-- Opening Marker --
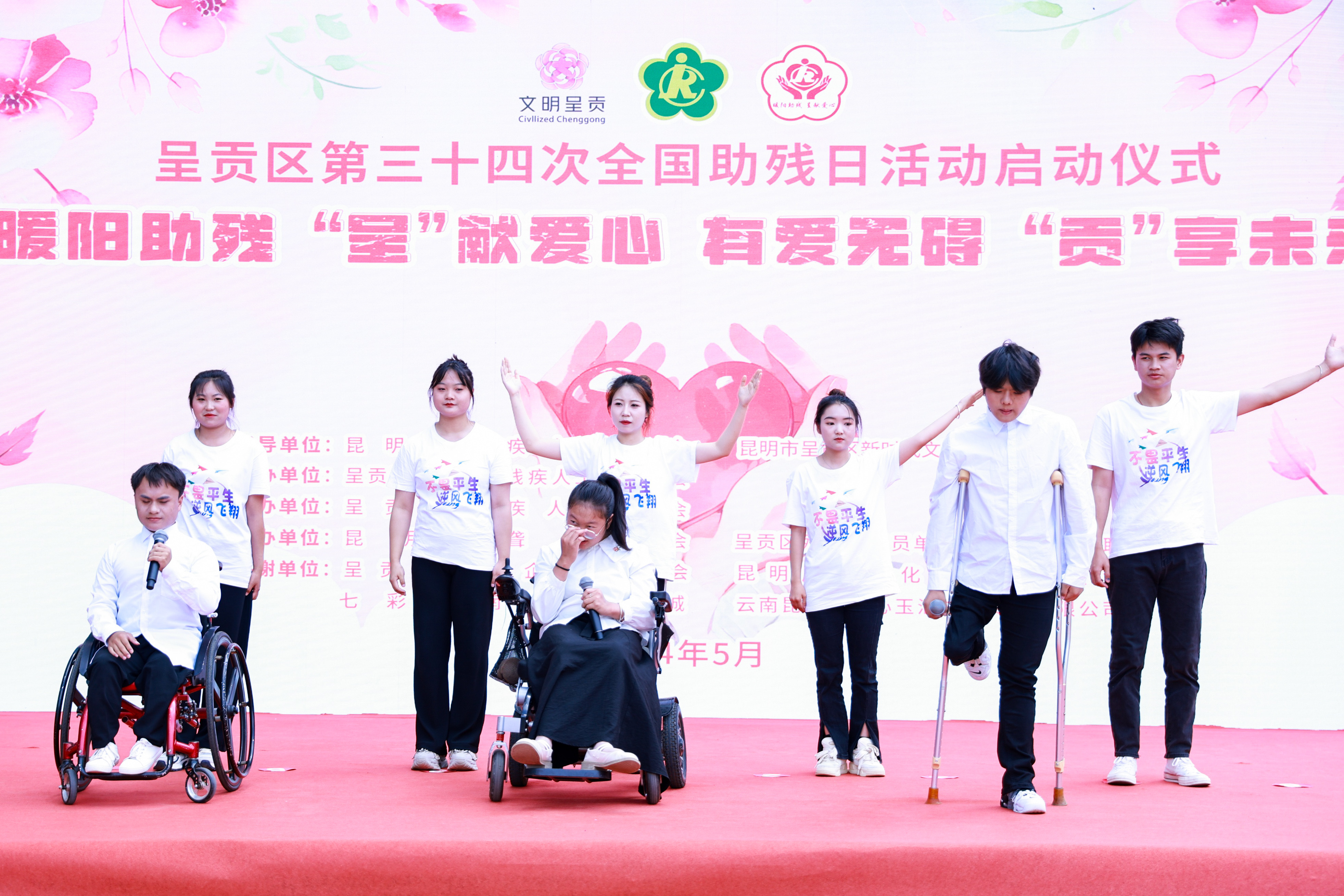 2024年5月17日,为营造全社会关心、关爱残疾群体的浓厚氛围,推动昆明市呈贡区残疾人事业高质量发展,由呈贡区人民政府残疾人工作委员会主办的呈贡区2024年“暖阳助残、‘呈’现爱心有账无爱,‘贡’享未来”第34次全国助残日集中宣传活动在呈贡区七彩云南第壹城开展,点点官网12名师生受邀参与了以“携手筑梦、共享未来”为主题的文艺展演。
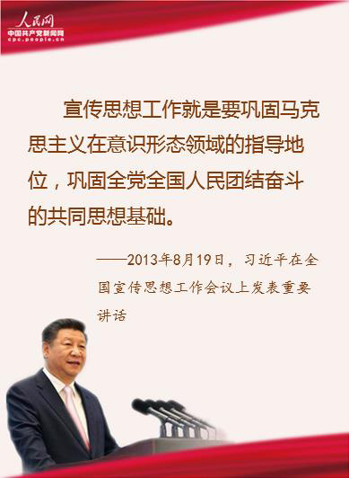 1、“两个巩固” 宣传思想工作就是要巩固马克思主义在意识形态领域的指导地位,巩固全党全国人民团结奋斗的共同思想基础。 ——2013年8月19日,在全国宣传思想工作会议上发表重要讲话 2、做到因势而谋、应势而动、顺势而为 宣传思想工作一定要把围绕中心、服务大局作为基本职责,胸怀大局、把握大势、着眼大事,找准工作切入点和着力点,做到因势而谋、应势而动、顺势而为。 ——2013年8月19日,在全国宣传思想工作会议上发表重要讲话 3、意识形态工作是党的一项极端重要的工作 经济建设是党的中心工作,意识形态工作是党的一项极端重要的工作。党的十一届三中全会以来,我们党始终坚持以经济建设为中心,集中精力把经济建设搞上去、把人民生活搞上去。 ——2013年8月19日,在全国宣传思想工作会议上发表重要讲话 4、把握好时、度、效,增强吸引力和感染力,让群众爱听爱看、产生共鸣 我们正在进行具有许多新的历史特点的伟大斗争,面临的挑战和困难前所未有,必须坚持巩固壮大主流思想舆论,弘扬主旋律,传播正能量,激发全社会团结奋进的强大力量。关键是要提高质量和水平,把握好时、度、效,增强吸引力和感染力,让群众爱听爱看、产生共鸣,充分发挥正面宣传鼓舞人、激励人的作用。 ——2013年8月19日,在全国宣传思想工作会议上发表重要讲话 5、明者因时而变,知者随事而制 “明者因时而变,知者随事而制。”宣传思想工作创新,重点要抓好理念创新、手段创新、基层工作创新,努力以思想认识新飞跃打开工作新局面,积极探索有利于破解工作难题的新举措新办法,把创新的重心放在基层一线。 ——2013年8月19日,在全国宣传思想工作会议上发表重要讲话 6、必须守土有责、守土负责、守土尽责 宣传思想部门承担着十分重要的职责,必须守土有责、守土负责、守土尽责。宣传思想部门工作要强起来,首先是领导干部要强起来,班子要强起来。各级宣传部门领导同志要加强学习、加强实践,真正成为让人信服的行家里手。 ——2013年8月19日,在全国宣传思想工作会议上发表重要讲话 7、党的新闻舆论工作是党的一项重要工作,是治国理政、定国安邦的大事 党的新闻舆论工作是党的一项重要工作,是治国理政、定国安邦的大事,要适应国内外形势发展,从党的工作全局出发把握定位,坚持党的领导,坚持正确政治方向,坚持以人民为中心的工作导向,尊重新闻传播规律,创新方法手段,切实提高党的新闻舆论传播力、引导力、影响力、公信力。 ——2016年2月19日,在党的新闻舆论工作座谈会上发表重要讲话 8、党的新闻舆论工作的职责和使命是:高举旗帜、引领导向,围绕中心、服务大局,团结人民、鼓舞士气,成风化人、凝心聚力,澄清谬误、明辨是非,联接中外、沟通世界 在新的时代条件下,党的新闻舆论工作的职责和使命是:高举旗帜、引领导向,围绕中心、服务大局,团结人民、鼓舞士气,成风化人、凝心聚力,澄清谬误、明辨是非,联接中外、沟通世界。要承担起这个职责和使命,必须把政治方向摆在第一位,牢牢坚持党性原则,牢牢坚持马克思主义新闻观,牢牢坚持正确舆论导向,牢牢坚持正面宣传为主。 ——2016年2月19日,在党的新闻舆论工作座谈会上发表重要讲话 9、做党的政策主张的传播者、时代风云的记录者、社会进步的推动者、公平正义的守望者 新闻观是新闻舆论工作的灵魂。要深入开展马克思主义新闻观教育,引导广大新闻舆论工作者做党的政策主张的传播者、时代风云的记录者、社会进步的推动者、公平正义的守望者。 ——2016年2月19日,在党的新闻舆论工作座谈会上发表重要讲话 10、新闻媒体要直面工作中存在的问题,直面社会丑恶现象,激浊扬清、针砭时弊 舆论监督和正面宣传是统一的。新闻媒体要直面工作中存在的问题,直面社会丑恶现象,激浊扬清、针砭时弊,同时发表批评性报道要事实准确、分析客观。 ——2016年2月19日,在党的新闻舆论工作座谈会上发表重要讲话 11、要转作风改文风,俯下身、沉下心,察实情、说实话、动真情,努力推出有思想、有温度、有品质的作品 新闻舆论工作者要增强政治家办报意识,在围绕中心、服务大局中找准坐标定位,牢记社会责任,不断解决好“为了谁、依靠谁、我是谁”这个根本问题。要提高业务能力,勤学习、多锻炼,努力成为全媒型、专家型人才。要转作风改文风,俯下身、沉下心,察实情、说实话、动真情,努力推出有思想、有温度、有品质的作品。 ——2016年2月19日,在党的新闻舆论工作座谈会上发表重要讲话 12、新闻舆论战线与党和人民同呼吸、与时代共进步 在革命建设改革各个历史时期,新闻舆论战线与党和人民同呼吸、与时代共进步,积极宣传党的主张、深入反映群众呼声、主动开展决策调研,发挥了十分重要的作用。 ——2016年11月7日,在会见中国记协第九届理事会全体代表和中国新闻奖、长江韬奋奖获奖者代表时强调 13、不断提升传播力、引导力、影响力、公信力 人民日报要深入学习贯彻新时代中国特色社会主义思想和党的十九大精神,忠实履行党的新闻舆论工作职责使命,坚持正确政治方向,弘扬优良传统,深化改革创新,加强队伍建设,改进宣传报道,讲好中国故事,构建全媒体传播格局,不断提升传播力、引导力、影响力、公信力,为实现“两个一百年”奋斗目标、
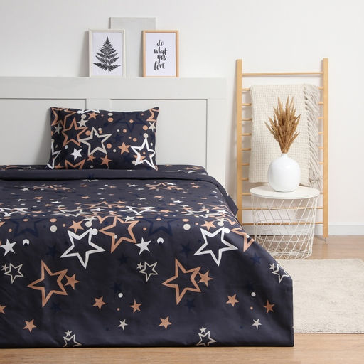 Размер наволочки, см: 50 х 70. Ткань: Полисатин. Плотность, г/м²: 80. Размер: Евро. На резинке: Нет. Тематика: Звёзды. Вид упаковки: PVC-пакет. Рекомендации по уходу: Не отбеливать. Рекомендации по уходу: Стирка при 40 °С. Рекомендации по уходу: Барабанная сушка при низкой температуре. Рекомендации по уходу: Глажка при 150 °С. Количество наволочек: 2. Размер пододеяльника, см: 200 х 215. Размер простыни, см: 200 х 215. Простыня в комплекте: Да. Вид застёжки наволочки: Клапан. Вид застёжки пододеяльника: Без застёжки. Бесплатная доставка: Да.
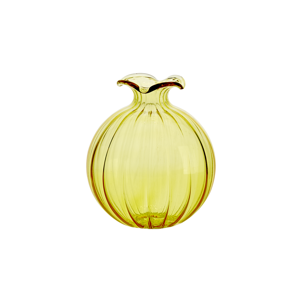 En vacker, mindre vas i gult glas som blir en fin dekoration under vår- och sommartider. Gör sig fin som en färgklick till inredningen som den är, eller i kombination med blommor.
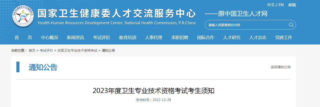 從國家衛(wèi)生健康委人才交流服務中心發(fā)布的《2023年衛(wèi)生專業(yè)技術資格考試考生須知》和《2023年衛(wèi)生專業(yè)技術資格考試有關問題的通知》得知,2023年中藥學職稱考試報名時間、條件及入口已公布,網(wǎng)上報名時間為2022年12月30日-2023年1月12日,具體詳情如下:
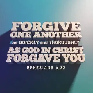 31-32 Make a clean break with all cutting, backbiting, profane talk. Be gentle with one another, sensitive. Forgive one another as quickly and thoroughly as God in Christ forgave you.
-- Closing Marker --
DIRECTIONS: Go through the records and repeat each one exactly, skipping anything that is a picture.

SOLUTION BELOW:
 2024年5月17日,为营造全社会关心、关爱残疾群体的浓厚氛围,推动昆明市呈贡区残疾人事业高质量发展,由呈贡区人民政府残疾人工作委员会主办的呈贡区2024年“暖阳助残、‘呈’现爱心有账无爱,‘贡’享未来”第34次全国助残日集中宣传活动在呈贡区七彩云南第壹城开展,点点官网12名师生受邀参与了以“携手筑梦、共享未来”为主题的文艺展演。
 1、“两个巩固” 宣传思想工作就是要巩固马克思主义在意识形态领域的指导地位,巩固全党全国人民团结奋斗的共同思想基础。 ——2013年8月19日,在全国宣传思想工作会议上发表重要讲话 2、做到因势而谋、应势而动、顺势而为 宣传思想工作一定要把围绕中心、服务大局作为基本职责,胸怀大局、把握大势、着眼大事,找准工作切入点和着力点,做到因势而谋、应势而动、顺势而为。 ——2013年8月19日,在全国宣传思想工作会议上发表重要讲话 3、意识形态工作是党的一项极端重要的工作 经济建设是党的中心工作,意识形态工作是党的一项极端重要的工作。党的十一届三中全会以来,我们党始终坚持以经济建设为中心,集中精力把经济建设搞上去、把人民生活搞上去。 ——2013年8月19日,在全国宣传思想工作会议上发表重要讲话 4、把握好时、度、效,增强吸引力和感染力,让群众爱听爱看、产生共鸣 我们正在进行具有许多新的历史特点的伟大斗争,面临的挑战和困难前所未有,必须坚持巩固壮大主流思想舆论,弘扬主旋律,传播正能量,激发全社会团结奋进的强大力量。关键是要提高质量和水平,把握好时、度、效,增强吸引力和感染力,让群众爱听爱看、产生共鸣,充分发挥正面宣传鼓舞人、激励人的作用。 ——2013年8月19日,在全国宣传思想工作会议上发表重要讲话 5、明者因时而变,知者随事而制 “明者因时而变,知者随事而制。”宣传思想工作创新,重点要抓好理念创新、手段创新、基层工作创新,努力以思想认识新飞跃打开工作新局面,积极探索有利于破解工作难题的新举措新办法,把创新的重心放在基层一线。 ——2013年8月19日,在全国宣传思想工作会议上发表重要讲话 6、必须守土有责、守土负责、守土尽责 宣传思想部门承担着十分重要的职责,必须守土有责、守土负责、守土尽责。宣传思想部门工作要强起来,首先是领导干部要强起来,班子要强起来。各级宣传部门领导同志要加强学习、加强实践,真正成为让人信服的行家里手。 ——2013年8月19日,在全国宣传思想工作会议上发表重要讲话 7、党的新闻舆论工作是党的一项重要工作,是治国理政、定国安邦的大事 党的新闻舆论工作是党的一项重要工作,是治国理政、定国安邦的大事,要适应国内外形势发展,从党的工作全局出发把握定位,坚持党的领导,坚持正确政治方向,坚持以人民为中心的工作导向,尊重新闻传播规律,创新方法手段,切实提高党的新闻舆论传播力、引导力、影响力、公信力。 ——2016年2月19日,在党的新闻舆论工作座谈会上发表重要讲话 8、党的新闻舆论工作的职责和使命是:高举旗帜、引领导向,围绕中心、服务大局,团结人民、鼓舞士气,成风化人、凝心聚力,澄清谬误、明辨是非,联接中外、沟通世界 在新的时代条件下,党的新闻舆论工作的职责和使命是:高举旗帜、引领导向,围绕中心、服务大局,团结人民、鼓舞士气,成风化人、凝心聚力,澄清谬误、明辨是非,联接中外、沟通世界。要承担起这个职责和使命,必须把政治方向摆在第一位,牢牢坚持党性原则,牢牢坚持马克思主义新闻观,牢牢坚持正确舆论导向,牢牢坚持正面宣传为主。 ——2016年2月19日,在党的新闻舆论工作座谈会上发表重要讲话 9、做党的政策主张的传播者、时代风云的记录者、社会进步的推动者、公平正义的守望者 新闻观是新闻舆论工作的灵魂。要深入开展马克思主义新闻观教育,引导广大新闻舆论工作者做党的政策主张的传播者、时代风云的记录者、社会进步的推动者、公平正义的守望者。 ——2016年2月19日,在党的新闻舆论工作座谈会上发表重要讲话 10、新闻媒体要直面工作中存在的问题,直面社会丑恶现象,激浊扬清、针砭时弊 舆论监督和正面宣传是统一的。新闻媒体要直面工作中存在的问题,直面社会丑恶现象,激浊扬清、针砭时弊,同时发表批评性报道要事实准确、分析客观。 ——2016年2月19日,在党的新闻舆论工作座谈会上发表重要讲话 11、要转作风改文风,俯下身、沉下心,察实情、说实话、动真情,努力推出有思想、有温度、有品质的作品 新闻舆论工作者要增强政治家办报意识,在围绕中心、服务大局中找准坐标定位,牢记社会责任,不断解决好“为了谁、依靠谁、我是谁”这个根本问题。要提高业务能力,勤学习、多锻炼,努力成为全媒型、专家型人才。要转作风改文风,俯下身、沉下心,察实情、说实话、动真情,努力推出有思想、有温度、有品质的作品。 ——2016年2月19日,在党的新闻舆论工作座谈会上发表重要讲话 12、新闻舆论战线与党和人民同呼吸、与时代共进步 在革命建设改革各个历史时期,新闻舆论战线与党和人民同呼吸、与时代共进步,积极宣传党的主张、深入反映群众呼声、主动开展决策调研,发挥了十分重要的作用。 ——2016年11月7日,在会见中国记协第九届理事会全体代表和中国新闻奖、长江韬奋奖获奖者代表时强调 13、不断提升传播力、引导力、影响力、公信力 人民日报要深入学习贯彻新时代中国特色社会主义思想和党的十九大精神,忠实履行党的新闻舆论工作职责使命,坚持正确政治方向,弘扬优良传统,深化改革创新,加强队伍建设,改进宣传报道,讲好中国故事,构建全媒体传播格局,不断提升传播力、引导力、影响力、公信力,为实现“两个一百年”奋斗目标、
 Размер наволочки, см: 50 х 70. Ткань: Полисатин. Плотность, г/м²: 80. Размер: Евро. На резинке: Нет. Тематика: Звёзды. Вид упаковки: PVC-пакет. Рекомендации по уходу: Не отбеливать. Рекомендации по уходу: Стирка при 40 °С. Рекомендации по уходу: Барабанная сушка при низкой температуре. Рекомендации по уходу: Глажка при 150 °С. Количество наволочек: 2. Размер пододеяльника, см: 200 х 215. Размер простыни, см: 200 х 215. Простыня в комплекте: Да. Вид застёжки наволочки: Клапан. Вид застёжки пододеяльника: Без застёжки. Бесплатная доставка: Да.
 En vacker, mindre vas i gult glas som blir en fin dekoration under vår- och sommartider. Gör sig fin som en färgklick till inredningen som den är, eller i kombination med blommor.
 從國家衛(wèi)生健康委人才交流服務中心發(fā)布的《2023年衛(wèi)生專業(yè)技術資格考試考生須知》和《2023年衛(wèi)生專業(yè)技術資格考試有關問題的通知》得知,2023年中藥學職稱考試報名時間、條件及入口已公布,網(wǎng)上報名時間為2022年12月30日-2023年1月12日,具體詳情如下:
 31-32 Make a clean break with all cutting, backbiting, profane talk. Be gentle with one another, sensitive. Forgive one another as quickly and thoroughly as God in Christ forgave you.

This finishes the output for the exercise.